The Extended Family will continue to take up the entire width of the boardwalk until they reach their destination. Occasionally they will stop walking, without warning, in the middle of the boardwalk, which will cause quite the boardwalk pile up behind them.
They will turn around and say sorry, as you almost plough straight into them, but they’ll be more concerned about the creases in their linen shirts than the hot coffee that you almost spilt down the front of yourself (you’re not that bothered either, tbh, because let’s face it, spilling things down the front of yourself is nothing new!)
6. The Active Wearers
The Active Wearers fall into two distinct categories. They either travel alone or in packs.
The Solo Active Wearer means business. She is decked out head to toe in her Lorna Jane Active Wear, has her head phones in and is running like she’s training in a marathon. I think that’s because she probably actually is training for a marathon.

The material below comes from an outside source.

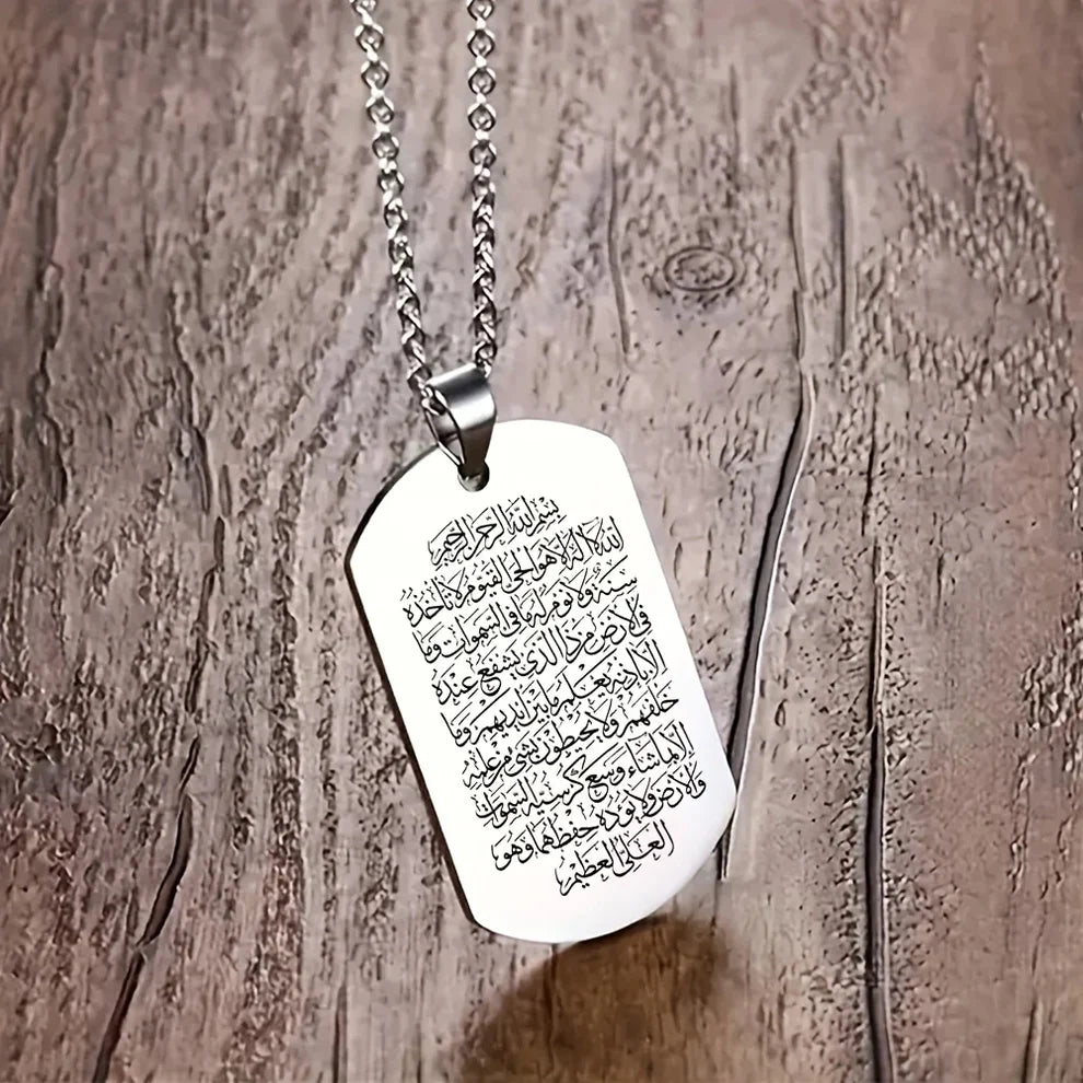 Crafted from high-quality stainless steel, the tag pendant is durable, tarnish-resistant, and suitable for everyday wear. Whether worn as a personal reminder of faith or gifted to a loved one, this necklace blends timeless Islamic tradition with modern style.

The Group Active Wearers have a strict 3 or less policy. That’s right, there can be no more than 3 Active Wearers in a group at any one time. They too wear nothing by Lorna Jane, but the headphones are replaced with conversation and the running is replaced with walking. If the walking was replaced with sitting and the Active Wear was replaced with anything else, I might consider signing up!
Have you been to Noosa? Are you a fan of people watching? Got any others you’d like to add?